Stop your RPA projects from going off track — or worse, failing to solve problems they were never capable of fixing. Enterprise architecture and technology innovation leaders should use this guide to position their RPA projects for success.

Overview

 

Key Challenges

 

  • Tactically focused robotic process automation (RPA) projects may improve quality and decrease activity cycle times by assisting or removing labor in or from activities. Cost reduction by eliminating head count is cited as a benefit of RPA; however, if employees are moved to other tasks, this area of cost reduction is not always achieved as planned.
  • The proliferation of automation and artificial intelligence tools and options continues to grow, which introduces a steep learning curve and general confusion around the term "RPA," along with the benefits it presents.
  • One software tool is unlikely to solve every unautomated activity in your organization.

Recommendations

 

To drive business transformation through technology innovation, enterprise architecture and technology innovation leaders must:
  • Identify and quantify the opportunities to use RPA for revenue-generating activities in addition to cost-saving or compliance activities. Do not just focus RPA on reducing labor costs. Carefully set expectations of what the tools can do and how your organization can use them to support digital transformation as part of an automation strategy.
  • Start with rule-based, standardized processes that cross multiple systems, which need a nonintrusive approach to automation. Evaluate RPA opportunities where you have people acting as "swivel chair integration" — rekeying data between systems — and where work is being performed by humans that involves structured, digitalized data processed by predefined rules. This analysis forms the basis for your enterprise automation roadmap.
  • Identify alternative existing tools or services, which already have a significant proportion of the functionality required at a suitable price point; evaluate these solutions in parallel with RPA, or as a hybrid solution; and look to future artificial intelligence-based options.
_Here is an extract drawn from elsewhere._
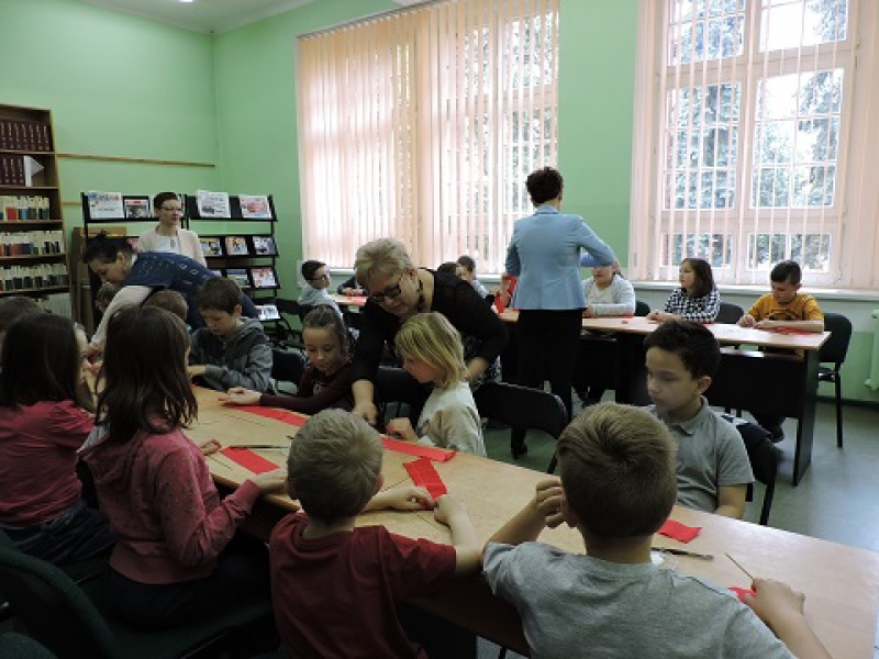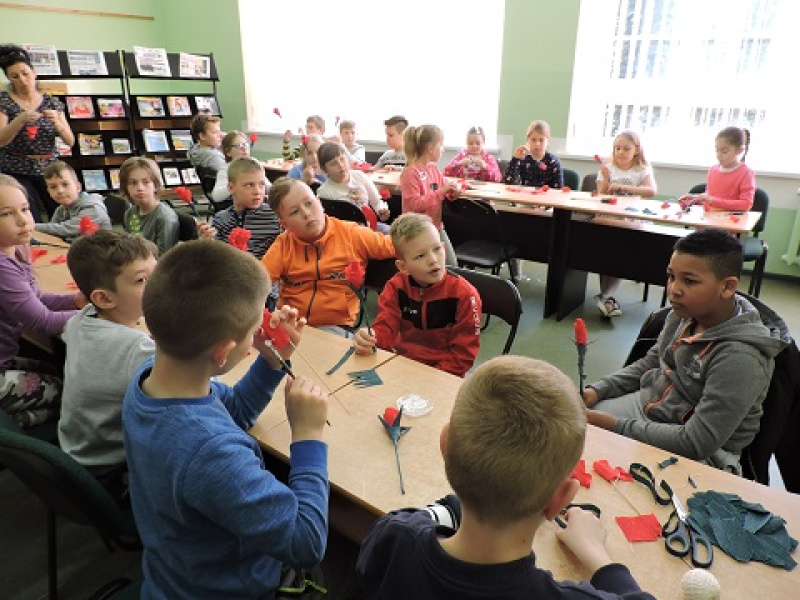 Przygotowując się do Światowego Dnia Książki i Praw Autorskich wspólnie z dziećmi z klasy III h i III c Szkoły Podstawowej nr 4 wykonane zostały podczas warsztatów plastycznych w Powiatowej Bibliotece Publicznej w Wągrowcu czerwone róże.

Strategic Planning Assumptions

By 2020, automation and artificial intelligence will reduce employee requirements in business shared-service centers by 65%.
By 2019, process automation will have limited impact on top-line growth for 50% of organizations that will erroneously focus on labor reduction, not on improving business outcomes.

Capitalizing on RPA

Business stakeholders are excited by the potential of a tool to reduce costs, increase accuracy, improve compliance and automate work in a fraction of the time and cost of typical IT software deployments.
The expectations of robotic process automation (RPA) are as large as the confusion about the technical capabilities of the RPA tools themselves. Understanding the functionality of RPA versus artificial intelligence is challenging, as business and IT are muddling the terminology, potential and reality of a new swath of tools.
Most organizations have a vast amount of tasks that are not automated for a multitude of reasons. RPA tools offer potential ways to automate all or some stages of manual rule-based processes that were previously not automated.
The most important first step is figuring out which use cases could be best solved by RPA. Enterprise architecture and technology innovation leaders can make these evaluations either alone or with the support of consultants, system integrators and business process outsourcing (BPO) companies.
Once the use cases are evaluated, enterprise architecture and technology innovation leaders can start to map automation needs to the RPA software available in the market and their partner service providers.